I Tested Privacy-Aware Routing with 4 AI Agents: What Actually Stayed Local

Shouvik Palit — Wed, 13 May 2026 02:40:52 +0000

Following up on my earlier Trooper experiments, I wanted to see if per-request privacy routing actually works in practice.

The test: 4 agents running simultaneously. Some handling public knowledge (OAuth security, Redis vs Memcached). Others handling sensitive data (API keys, customer PII).

The rule: Credentials and PII stay on my machine. Everything else can use Claude.

The Setup

Each agent gets a x_force_local flag:

Agent 1 - security-analyst (☁️ Claude)

Task: "What are the top 3 OAuth2 vulnerabilities?"  
Routing: Public knowledge, let Claude handle it

Agent 2 - credential-formatter (🔒 Qwen local)
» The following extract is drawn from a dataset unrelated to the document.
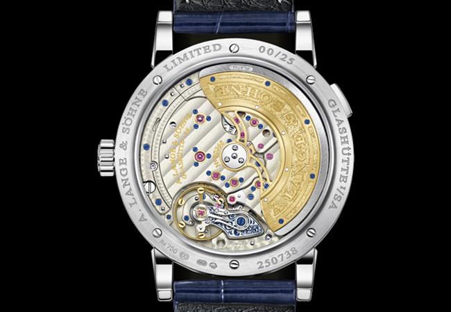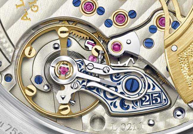 L021.1型錶廠自製自動上鍊機芯的動力儲備長達50小時。大型中置自動轉盤具外置鉑金950離心輪,為上鍊過程提供充足動力。自動轉盤在精心裝飾機芯之上方旋轉,並由此令格拉蘇蒂羅紋、鱗紋及各項修飾技術活現眼前。這個無指針的振盪系統依靠朗格擺輪游絲,透過擺輪邊緣的六個凸輪加以調校。此“25th Anniversary”錶款的手工雕刻朗格擺輪夾板亦別具一格:在著名的朗格大日曆顯示中,數字「25」採用藍色,並鐫刻了花卉圖案。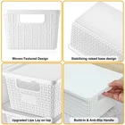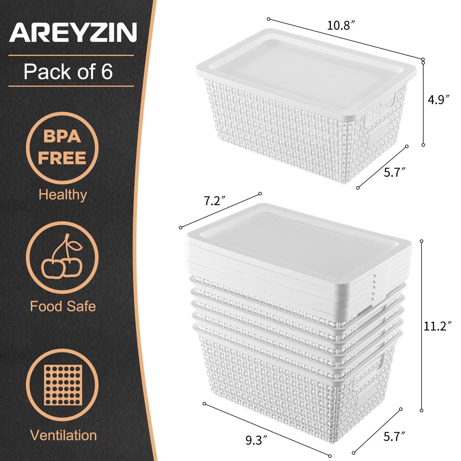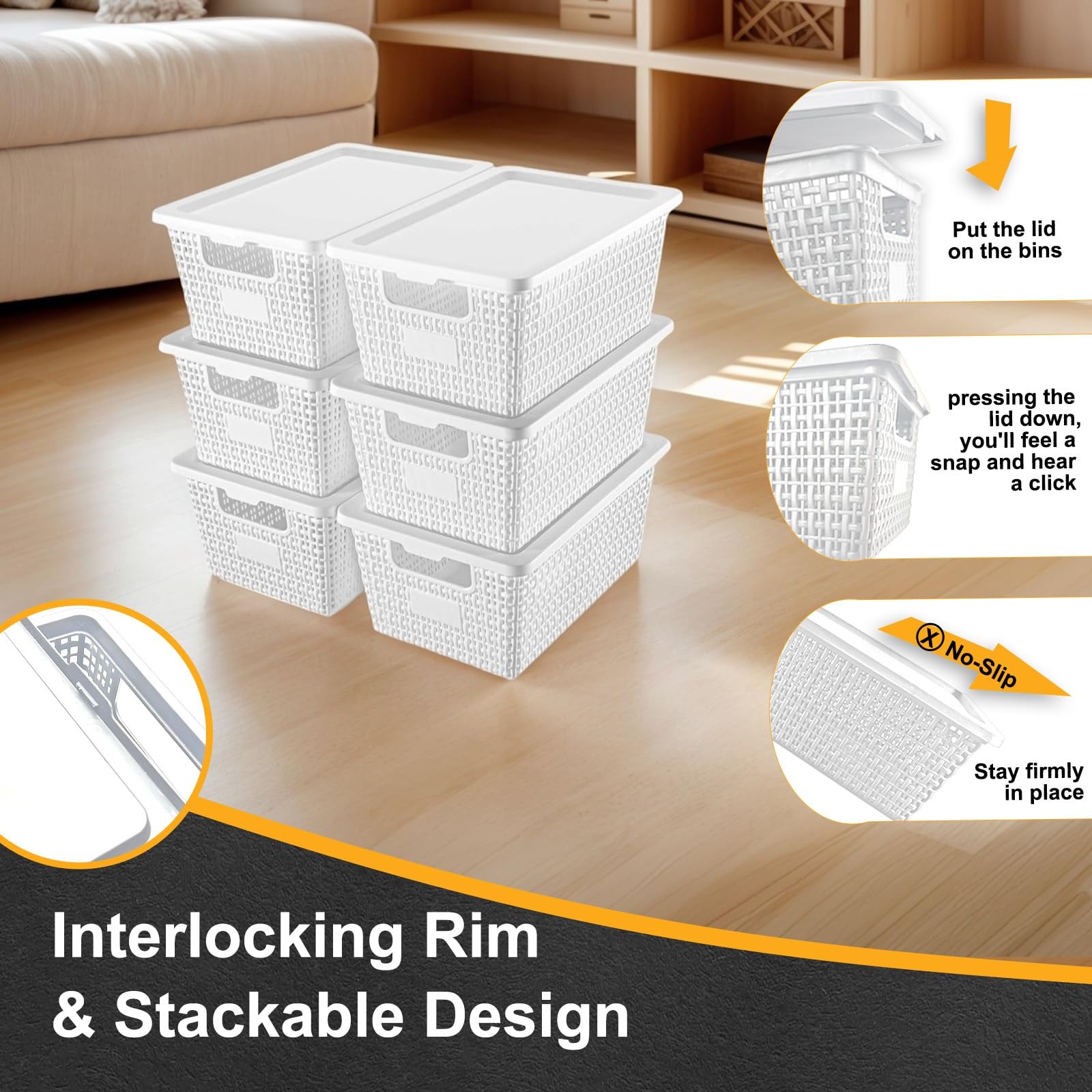 with these lidded storage bins with lids (6-Pack) - enjoy your space storage and organization * These stylish yet functional storage bins feature durable woven PP material with plastic lids. * Perfect for home organization, the 12"x6"x7" stackable baskets with lids keep bedrooms, closets, pantries and garages tidy. * The space-saving design allows vertical stacking or horizontal nesting. Ideal for storing toys, office supplies, seasonal decor and more. A versatile storage solution that combines rustic charm with modern functionality 🌿 Durable and Sturdy Storage Solution: Crafted from BPA-free sustainable plastic, these storage baskets with lids deliver lasting durability. Making the storage bins perfect for long-term organization and storage solutions in bedroom, garages, and living spaces. ✨ Luxury Woven Aesthetic: The textured rattan-look design of these small baskets transforms cluttered spaces into curated displays. Use as open shelf organizers in living rooms, walk-in closet storage, or under-bed organizers – seamlessly blending rustic charm with modern functionality. 📏 Space-Saving & Stackable: These storage boxes with interlocking lids allow vertical stacking to maximize space in apartment pantries, dorm rooms, and RV storage. Each 11"x5"x7" bin holds up to 25lbs – ideal for seasonal décor rotation or office supply organization. 🏠 Multi-Functional Home Hero: These small storage bins are a versatile solution to handle every room. Designed to fit standard shelving-Closet systems,Kitchen cabinets,Garage racks (Pro Tip: Measure your shelf depth and stack bins horizontally for custom fits!) 🤝 Warranty Guarantee: We guarantee your complete satisfaction of our organizer bins! It's easy to reach us in case of any order-related issues for friendly hassle-free customer service.

Task: "Format as JSON: api_key=sk-prod-x7f9k2m, vault_url=https://vault.acme.io:8200"  
Routing: Contains credentials — must stay on machine

Agent 3 - architecture-advisor (☁️ Claude)

Task: "Redis or Memcached for session storage?"  
Routing: General best practices, use cloud

Agent 4 - compliance-reporter (🔒 Qwen local)

`Task: "Summarize: 47 tickets today. 3 had PII (Alice Johnson, Bob Chen, Maria Garcia)"  
Routing: Contains customer names — privacy violation if sent to cloud`

The Result

Every agent completed successfully:

Cloud agents: 3.8s and 2.4s (Claude handled complex reasoning)
Local agents: 2.4s and 1.2s (Qwen formatted data locally)

The critical part: API keys, vault URLs, and customer names never left my machine. Zero network calls to Anthropic for those two agents.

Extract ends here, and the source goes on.